We have already discussed the operation of DWDM in class, so I will focus on its application to the public network. First, it presents an increase in performance with a lower associated cost. The existing fiber used in SONET or ATM can be used with greater capacity in a DWDM system. In addition, DWDM equipment is less complex and less expensive that either SONET or ATM. One of the great benefits of DWDM is that it is an all optical process and can avoid conversion from light to electro-magnetic signals. The multiplexed signals can easily reach into the terabit per second range on a DWDM system. Since every carrier is independent and on a different wavelength, the processes of cleaning, boosting, and repeating a signal at an intermediary node becomes very complex. Another issues is that the data within any given DWDM carrier must be homogenous and destined for the same end point. This may often lead to underutilization.
RPR is one of the more intelligent technologies currently being considered for the public network. Its uses the current infrastructure of SONET which results in high resiliency, but is packet based in order to increase the performance of Ethernet and IP based transmissions. On top of this basic structure, all traffic is assigned to one of three traffic classes, which includes synchronous for real time transmission, guaranteed, and best effort. Traffic in an RRP networks travels on one of two active rings, whichever will have the lowest end-to-end cost for the transmission based on whether the ring is clockwise or counter clockwise. Compared with Ethernet, there is less processing of the traffic required as it travels through the network. One of the biggest strengths of RPR is spatial reuse. Unlike in a SONET system, when traffic reaches its egress from the RPR network that bandwidth can be reclaimed by another transmission increasing useful utilization. One of RPRs greatest strengths is its ease of integration with Ethernet networks, of which most subscriber networks are based.
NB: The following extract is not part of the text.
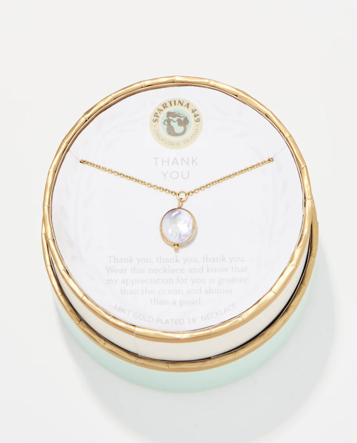 Wear this Thank You Necklace as a reminder that you are appreciated. Featuring a coin pearl charm, this special piece comes packaged inside a beautiful box with the message: "Thank you, thank you, thank you. Wear this necklace and know that my appreciation for you is greater than the ocean and shinier than a pearl."

We hear all the time that it would be great to have complete end-to-end Ethernet solutions. It would be much simpler to connect networks and there would be no conversion overheard for our data communications. However, Ethernet is just lacking in many areas. The connectionless orientation and lack of built in QoS make in inefficient for the public network, where standard voice is still the big money maker. In addition, Ethernet is most effective in a meshed architecture. The public network is comprised of rings and point-to-point links for which Ethernet would be inefficient. While Ethernet can now provide high speeds over fiber and there are mechanisms to implement QoS, these measures are not standardized or designed primarily for usage on the public network. There is no guarantee that these modifications exist end to end or are supported by all providers.